WHAT YOU NEED TO DO: Check the listing below for lines with the word "birliği" and say how many there are, with nothing but the number.

DATA SECTION:
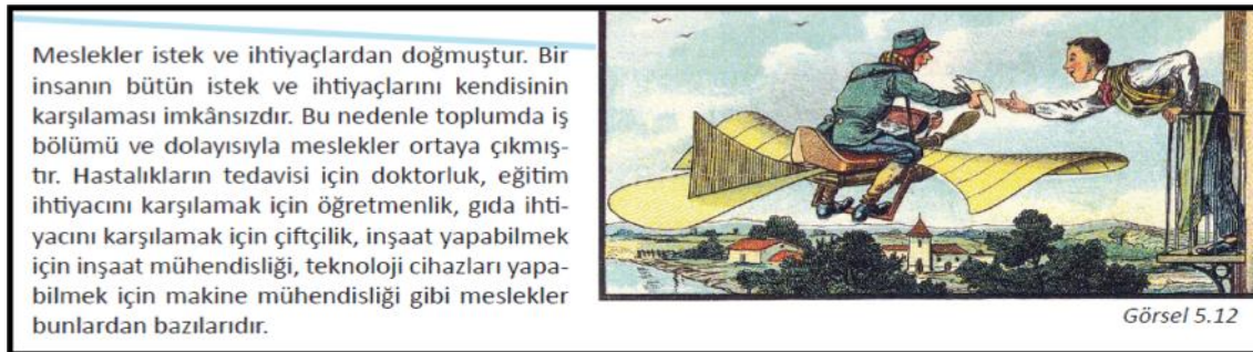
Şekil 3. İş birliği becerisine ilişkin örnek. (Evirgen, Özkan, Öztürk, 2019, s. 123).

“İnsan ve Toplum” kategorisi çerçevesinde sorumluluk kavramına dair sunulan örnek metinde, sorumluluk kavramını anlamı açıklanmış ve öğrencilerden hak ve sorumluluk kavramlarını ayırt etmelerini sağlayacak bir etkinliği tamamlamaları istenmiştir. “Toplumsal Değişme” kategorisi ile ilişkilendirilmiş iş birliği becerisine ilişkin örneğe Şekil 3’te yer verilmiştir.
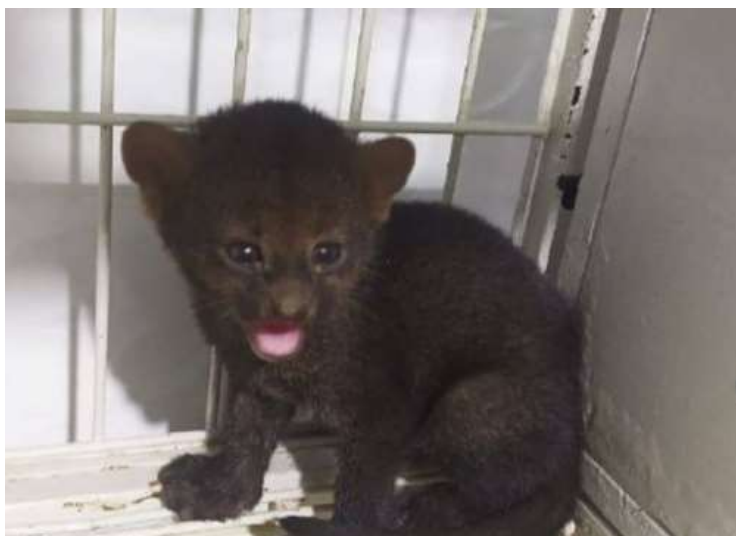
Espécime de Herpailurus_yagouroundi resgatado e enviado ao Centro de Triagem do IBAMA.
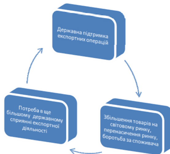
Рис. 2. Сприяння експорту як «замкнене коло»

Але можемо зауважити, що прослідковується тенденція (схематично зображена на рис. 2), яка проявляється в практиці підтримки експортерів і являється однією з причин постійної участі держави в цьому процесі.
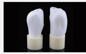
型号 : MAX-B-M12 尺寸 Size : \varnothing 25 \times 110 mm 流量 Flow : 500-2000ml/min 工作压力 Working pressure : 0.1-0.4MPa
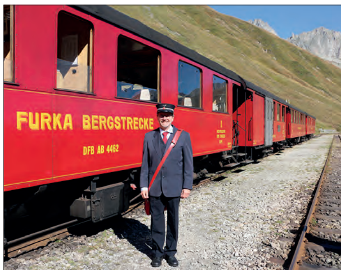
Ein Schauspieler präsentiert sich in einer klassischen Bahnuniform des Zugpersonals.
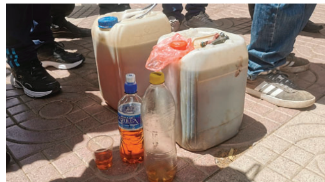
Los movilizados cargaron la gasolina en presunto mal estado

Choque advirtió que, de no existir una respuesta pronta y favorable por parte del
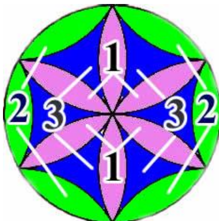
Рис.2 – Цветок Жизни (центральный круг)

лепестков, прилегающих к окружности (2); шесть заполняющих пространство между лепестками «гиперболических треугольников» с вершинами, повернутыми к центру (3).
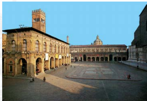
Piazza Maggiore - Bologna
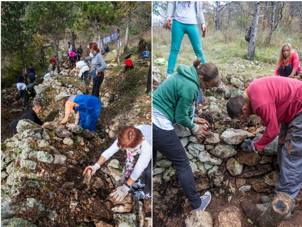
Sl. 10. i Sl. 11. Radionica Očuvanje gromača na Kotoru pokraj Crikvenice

RESPONSE TO THE TASK: 2